Vitamin D is a fat-soluble vitamin essential for bone metabolism and calcium homeostasis. It can be synthesised after sunlight exposure or absorbed from the diet or supplements. Maternal vitamin D deficiency during pregnancy, exclusive breastfeeding without supplementation, skin pigmentation, decreased sun exposure, malabsorption, and certain medications can all lead to vitamin D deficiency. ¹ Hypocalcaemia secondary to calcipenic rickets is an uncommon but known aetiology of dilated cardiomyopathy. ^2–8 Calcium release from the sarcoplasmic reticulum is essential for cardiac muscle contraction and inadequate levels may impair cardiac contractility and precipitate, or worsen, existing heart failure. ⁹

In the United States, we are aware of only three similar reports. Two were individual case reports from 2003 and 2007. ^2,3 The last was a single centre case series of four patients from 2009. ⁴ In each of these cases, the patients were African-American, breastfed, and between 4 and 10 months of age when diagnosed. This is consistent with a systematic review from 2013, which found a mean age of diagnosis of 5 months. ⁵ While our patient was also African-American and exclusively breastfed, he was significantly older at 15 months of age. We could only find two other case reports of a toddler developing this condition in the past 50 years; one being a 14-month-old from Turkey in 2007 and the other a 15-month-old child from India in 2011. ^6,7 In all three cases, there was prolonged breastfeeding with failure to provide vitamin D supplementation or introduce solid foods.

The clinical presentation of rickets-associated cardiomyopathy is variable, ranging from tachypnoea and cardiomegaly to cardiogenic shock requiring extracorporeal membrane oxygenation. ⁵ In our case, the patient suffered a cardiac arrest after presenting in cardiogenic shock and required inotropic support while initiating treatment with calcium supplementation. Another unique feature that is inconsistently present in described cases is electrocardiogram changes, including prolonged PR interval, prolonged QTc, and T wave changes. ⁸ In our patient, the first electrocardiogram was notable for QTc prolongation and T wave abnormalities, which resolved by the time of discharge. However, it is worth noting that these changes can also occur in the setting of sick myocardium and typically resolve over time as the patient clinically improves. Although the prognosis for dilated cardiomyopathy is often poor, the outcome of calcipenic rickets-induced cardiomyopathy is typically quite favourable with an 8.5% incidence of mortality in a systematic review. ⁵ The average time for systolic ventricular function to normalise is 12 months; however, it may take up to 28 months for complete recovery after diagnosis. ⁴ In our case, the patient demonstrated normal systolic function by 19 months post diagnosis.

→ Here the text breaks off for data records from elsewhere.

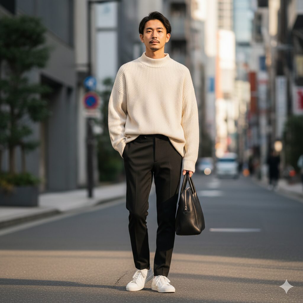 これは、従来の男性的な要素を意図的に緩和し、柔和で洗練された印象を与えるための論理的な着こなし技術です。このロジックさえマスターすれば、あなたはセンスに頼らず、自分の理想とする「柔和で洗練された自分」を再現性高く表現できますよ!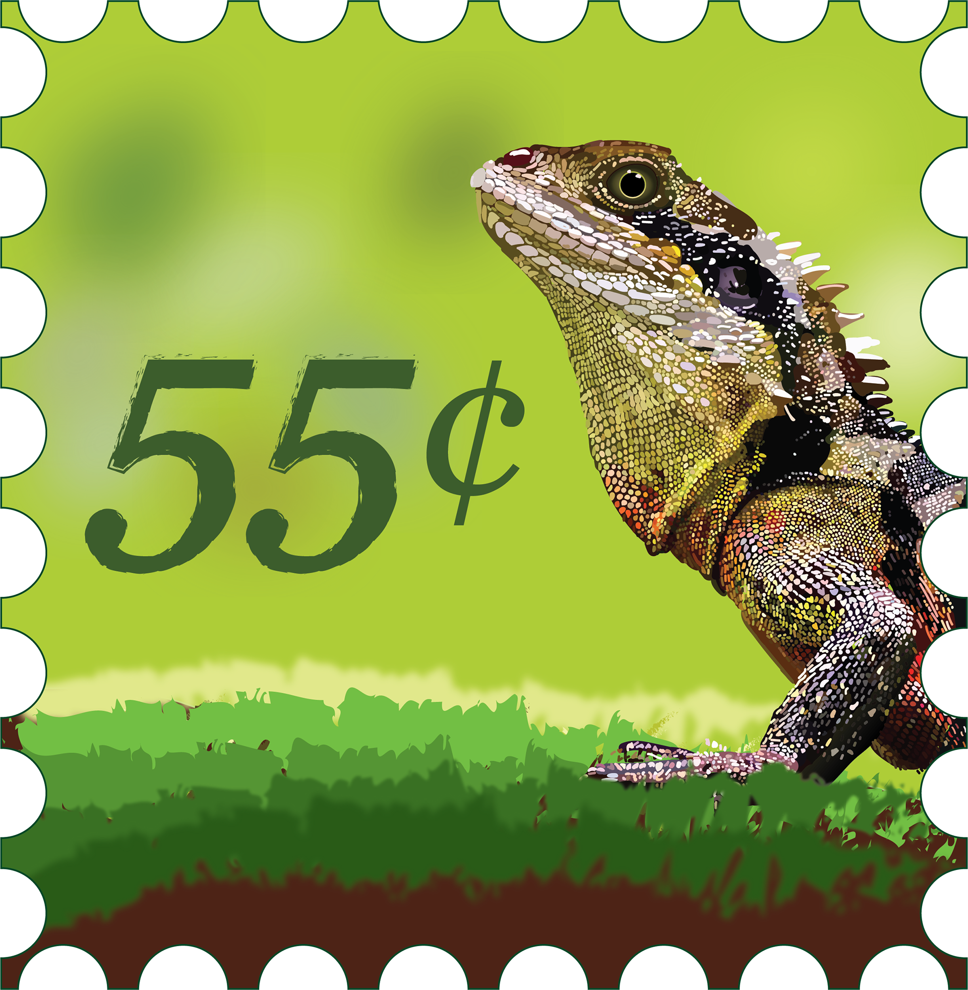 This is a project for Computer Illustration. I had to paint a photo of a lizard entirely within Illustrator and create a postage stamp.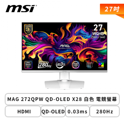 【27型】MSI MAG 272QPW QD-OLED X28 白色 電競螢幕 (DP/HDMI/Type-C/QD-OLED/2K/0.03ms/280Hz/Adaptive Sync/HDR BLACK 400/AI VISION/可升降/可旋轉/無喇叭/三年保固)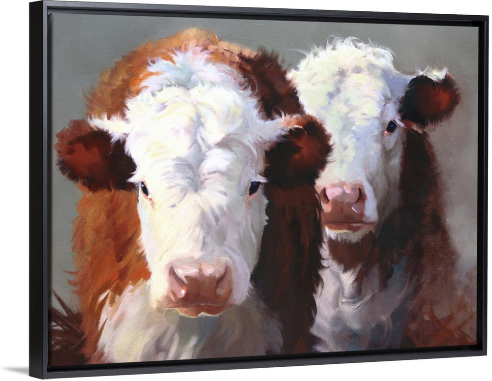 <p>Contemporary painting of two brown and white cows standing closely together.</p>

Vitamin D deficiency is an underrecognized condition with an increased prevalence of nutritional rickets in exclusively breastfed infants over the last few years. ² Current American Academy of Pediatrics guidelines recommend 400 IU/day of vitamin D for all exclusively breastfed infants. ¹⁰ Because of the potential life-threatening implications, routine supplementation, early recognition, and prompt correction of hypocalcaemia are paramount.

Vitamin D deficiency should be considered as a possible aetiology of dilated cardiomyopathy in any exclusively breastfed infant as it is easily treatable with an excellent prognosis.